How Ruby string unpack works for extracting 16, 32 and 64 signed/unsigned values?

It’s basically the number in 256 base, converted to Integer.

▶ '12'.unpack('S*') == [50 * 256 + 49]
#⇒ true

▶ '1234'.bytes
#⇒ [49, 50, 51, 52]
▶ '1234'.unpack('L*') ==
▷    [52 * 256 * 256 * 256 + 51 * 256 * 256 + 50 * 256 + 49]
#⇒ true

Please note, S, L and Q are platform dependent. To ensure little-endian, one might use (credits to @NeilSlater):

▶ '12'.unpack('S<*') == [50 * 256 + 49]
#⇒ true

For big-endian one might use > modifier:

▶ '12'.unpack('S>*') == [49 * 256 + 50]
#⇒ true

How does pack() and unpack() work in Ruby

You are asking a question about the fundamental principles of how computers store numbers in memory. For example you can look at these to learn more:

http://en.wikipedia.org/wiki/Computer_number_format#Binary_Number_Representation

http://en.wikipedia.org/wiki/Signed_number_representations

As an example take the difference between S and s; both are used for packing and unpacking 16-bit numbers, but one is for signed integers and the other for unsigned. This has significant meaning when you want to unpack the string back into the original integers.

S: 16-bit unsigned means numbers 0 - 65535 (0 to (2^16-1))

s: 16-bit signed integer numbers -32768 - 32767 (-(2^15) to (2^15-1)) (one bit used for sign)

The difference can be seen here:

# S = unsigned: you cannot pack/unpack negative numbers
> [-1, 65535, 32767, 32768].pack('SSSS').unpack('SSSS')
=> [65535, 65535, 32767, 32768]   

# s = signed: you cannot pack/unpack numbers outside range -32768 - 32767
> [-1, 65535, 32767, 32768].pack('ssss').unpack('ssss')
=> [-1, -1, 32767, -32768]

So you see you have to know how numbers are represented in computer memory in order to understand your question. Signed numbers use one bit to represent the sign, while unsigned numbers do not need this extra bit, but you cannot represent negative numbers then.

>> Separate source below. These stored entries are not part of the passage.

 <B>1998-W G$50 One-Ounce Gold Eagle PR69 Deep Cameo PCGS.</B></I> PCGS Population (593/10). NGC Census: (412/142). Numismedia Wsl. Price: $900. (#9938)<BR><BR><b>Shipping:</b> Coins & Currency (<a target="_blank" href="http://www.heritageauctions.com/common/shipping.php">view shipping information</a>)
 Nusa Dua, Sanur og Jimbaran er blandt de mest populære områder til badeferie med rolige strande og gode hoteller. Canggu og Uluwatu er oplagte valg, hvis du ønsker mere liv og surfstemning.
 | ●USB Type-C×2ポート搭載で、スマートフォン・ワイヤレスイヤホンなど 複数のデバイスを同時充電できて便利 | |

This is the very basic of how numbers are represented as binary in computer memory.

The reason you need packing for example is when you need to send numbers as a byte stream from one computer to another (like over a network connection). You have to pack your integer numbers into bytes in order to be sent over a stream. The other option is to send the numbers as strings; then you encode and decode them as strings on both ends instead of packing and unpacking.

Or let's say you need to call a C-function in a system library from Ruby. System libraries written in C operate on basic integers (int, uint, long, short, etc.) and C-structures (struct). You will need to convert your Ruby integers into system integers or C-structures before calling such system methods. In those cases pack and unpack can be used to interface which such methods.

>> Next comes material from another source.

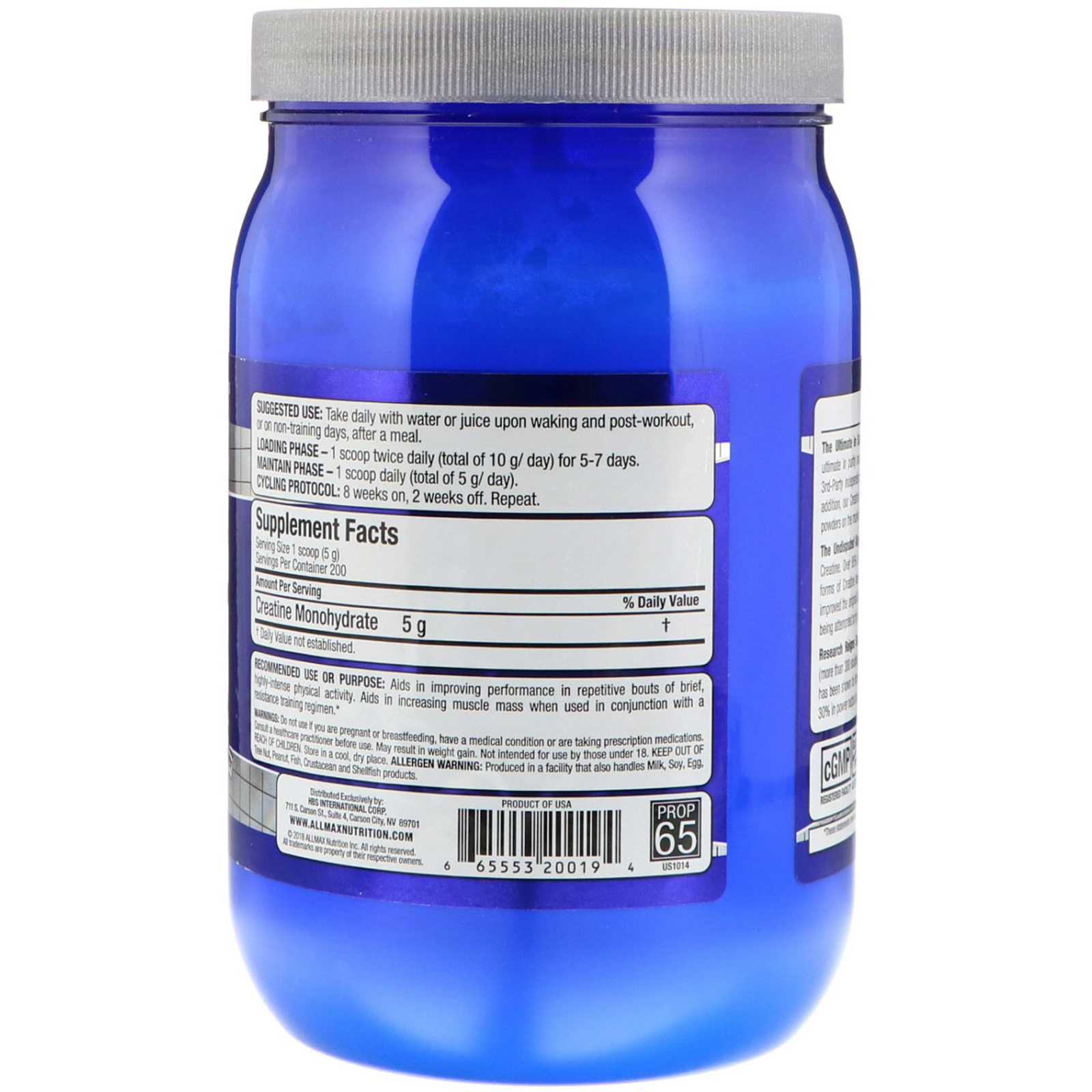 The Ultimate is Safety and Purity – ALLMAX Pharmaceutical Grade Creatine is the ultimate in purity and safety; rigorously held to strict standards that meet or exceed 3rd-Party independent testing for WADA Banned Substances and cGMP guidelines. In addition, our Creatine is micronized to an ultra-fine, free-flowing powder. Most Creatine powders on the market today have particles that are as much as 250% larger!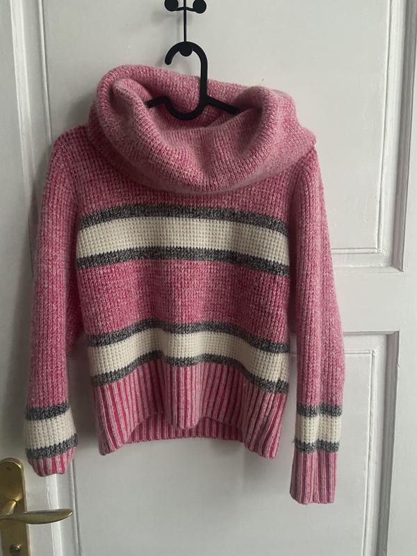 Приятный к телу, целых 80% шерсти ангора. Красивый будет на девочку подростка, красивый Барби цвет. Размер s-m. Стан идеален, как новый, есть косточка от бирки

Regarding the additional directives they deal with the endianness of how to represent the packed byte sequence. See here on what endianness means and how it works:

http://en.wikipedia.org/wiki/Endianness

In simplified terms it just tells the packing method in which order the integers should be converted into bytes:

# Big endian
> [34567].pack('S>').bytes.map(&:to_i)
=> [135, 7]   
# 34567 = (135 * 2^8) + 7

# Little endian
> [34567].pack('S<').bytes.map(&:to_i)
=> [7, 135]   
# 34567 = 7 + (135 * 2^8)

How the @,x,X directives work with Ruby pack()/unpack() method?

I will give you few example and will be learning together with you:

[1,2,3,4].pack("CCCC")
=> "\x01\x02\x03\x04"

So serializes in unsigned chars. Every letter in new byte.

[1,2,3,4].pack("CCXCC")
=> "\x01\x03\x04"
[1,2,3,4].pack("CCXXC")
=> "\x03"

Think of the 'X' as backspace directive

[1,2,3,4].pack("CCxC")
=> "\x01\x02\x00\x03"
[1,2,3,4].pack("CCxxC")
=> "\x01\x02\x00\x00\x03"

'x' places zero valued byte.

[1,2,3,4].pack("CC@C")
=> "\x01\x03"
[1,2,3,4].pack("CC@@C")
=> "\x01\x03"
[1,2,3,4].pack("CC@@CC")
=> "\x01\x03\x04"
[1,2,3,4].pack("CC@CC")
=> "\x01\x03\x04"
[1,2,3,4].pack("CC@C@C")
=> "\x01\x04"
[1,2,3,4].pack("CC@C@@C")
=> "\x01\x04"

'@' seems to be a single backspace, but will not support multiple operations at one time. The last one as explanation does not relate at all with the text from the documentation:

@ Moves to absolute position

But is what it seems to be doing.

EDIT BTW @ seems a lot more logical when looked in the context of unpack:

[1,2,3,4,5].pack("CCCCC").unpack("CCC@CCCCC@CC")
=> [1, 2, 3, 1, 2, 3, 4, 5, 1, 2]

Starts unpacking from the very beginning once more.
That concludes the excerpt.